* About this task *
Repeat every record below exactly, but leave out any pictures.

=== Section Start ===

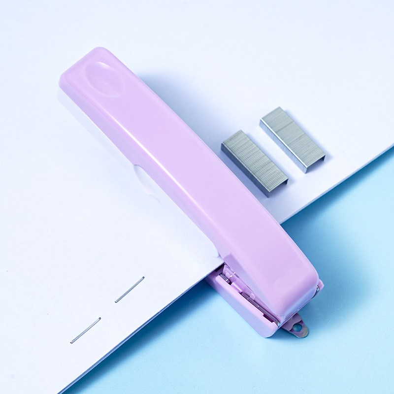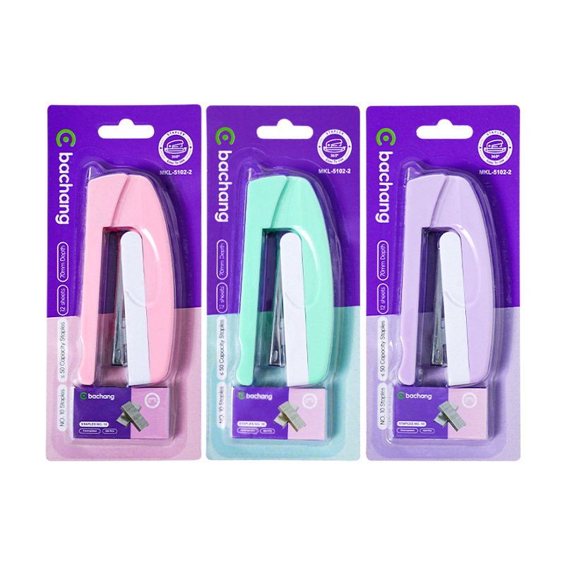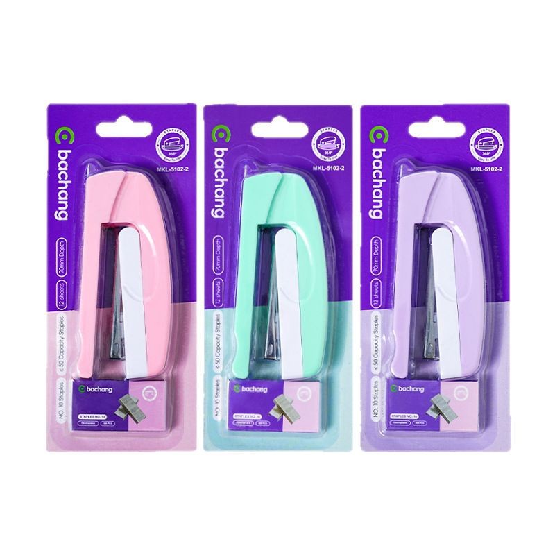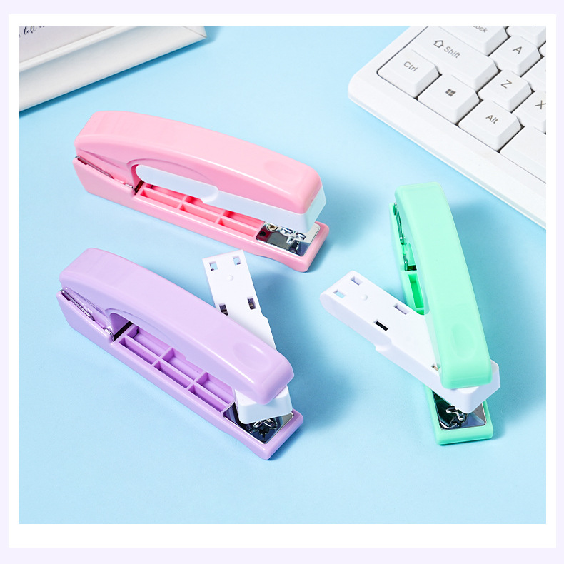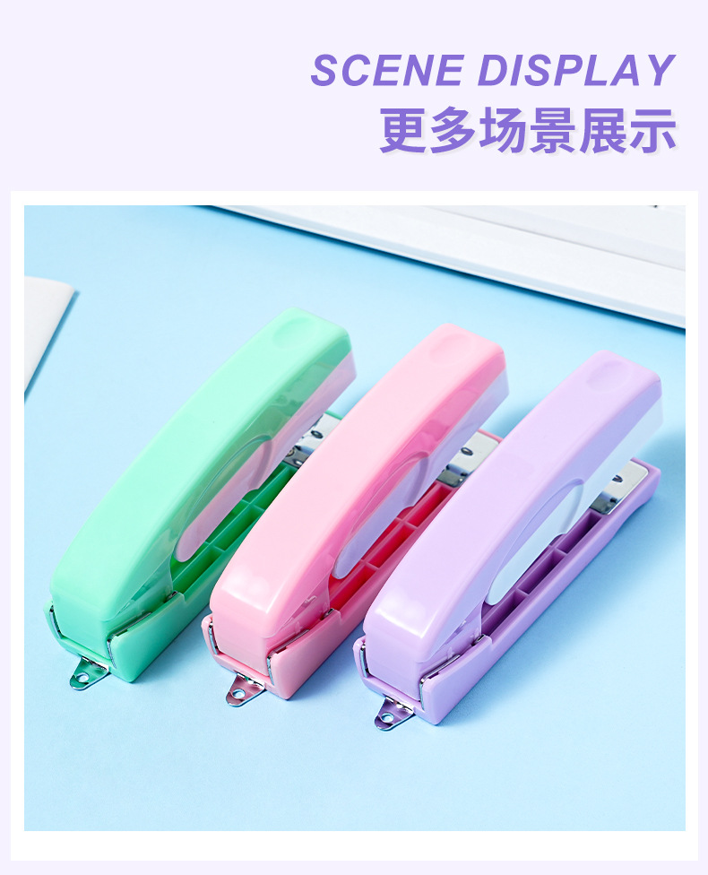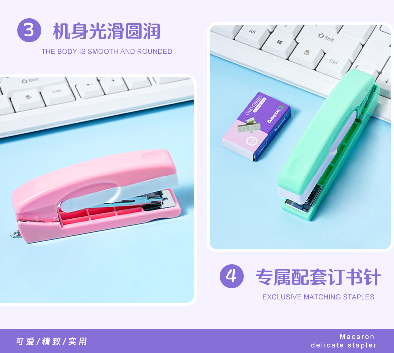 可旋转马卡龙色订书机小清新省力订书器学生办公多功能装订机文具
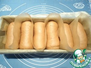 В оригинальном рецепте для выпечки маленьких буханочек использовались формочки размером 10*5 см, у меня таких нет, поэтому я попробовала испечь их в форме для кекса, которая имеет размер 10*30 см. Сначала я застелила форму пергаментом, смазала маслом.
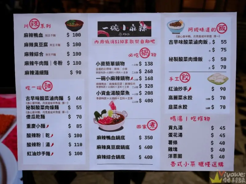 ▲這是「一碗小麻辣-中央店」的完整菜單,供參考(實際販售品項與價格,以店家現場公告為主)(線上訂餐請點我)
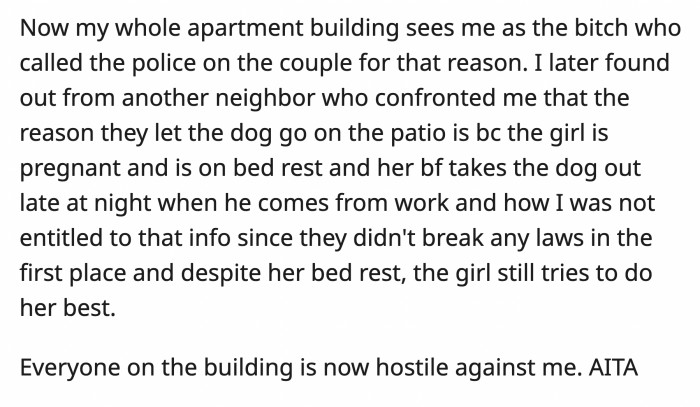 The incident spread around the building, and the other neighbors have made OP feel like she's a jerk for calling the police. OP found out through another neighbor why everyone was so offended on the couple's behalf.
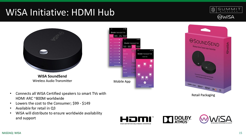 14 NASDAQ: WISA Roadmap to Lowering Adoption Costs TV: Annual Volume HDMI WIFI Bluetooth Dolby A/V Receiver Installation Installation Cost & Time Wires HDMI WIFI Bluetooth Dolby WiSA Hub/ Soundbar 30M High End WiSA USB Transmitter or WiSA Xbox Transmitter 15M+ WiSA Ready 200M+ TVs WiSA HDMI WiSA Ready WiSA Certified Traditional Cost to Consumer: $99 - $149 $199 - $225 $300 - $800 $1,500+ WiSA HDMI Atmos Transmitters

=== Section End ===

* Exercise solution *
 可旋转马卡龙色订书机小清新省力订书器学生办公多功能装订机文具
 В оригинальном рецепте для выпечки маленьких буханочек использовались формочки размером 10*5 см, у меня таких нет, поэтому я попробовала испечь их в форме для кекса, которая имеет размер 10*30 см. Сначала я застелила форму пергаментом, смазала маслом.
 ▲這是「一碗小麻辣-中央店」的完整菜單,供參考(實際販售品項與價格,以店家現場公告為主)(線上訂餐請點我)
 The incident spread around the building, and the other neighbors have made OP feel like she's a jerk for calling the police. OP found out through another neighbor why everyone was so offended on the couple's behalf.
 14 NASDAQ: WISA Roadmap to Lowering Adoption Costs TV: Annual Volume HDMI WIFI Bluetooth Dolby A/V Receiver Installation Installation Cost & Time Wires HDMI WIFI Bluetooth Dolby WiSA Hub/ Soundbar 30M High End WiSA USB Transmitter or WiSA Xbox Transmitter 15M+ WiSA Ready 200M+ TVs WiSA HDMI WiSA Ready WiSA Certified Traditional Cost to Consumer: $99 - $149 $199 - $225 $300 - $800 $1,500+ WiSA HDMI Atmos Transmitters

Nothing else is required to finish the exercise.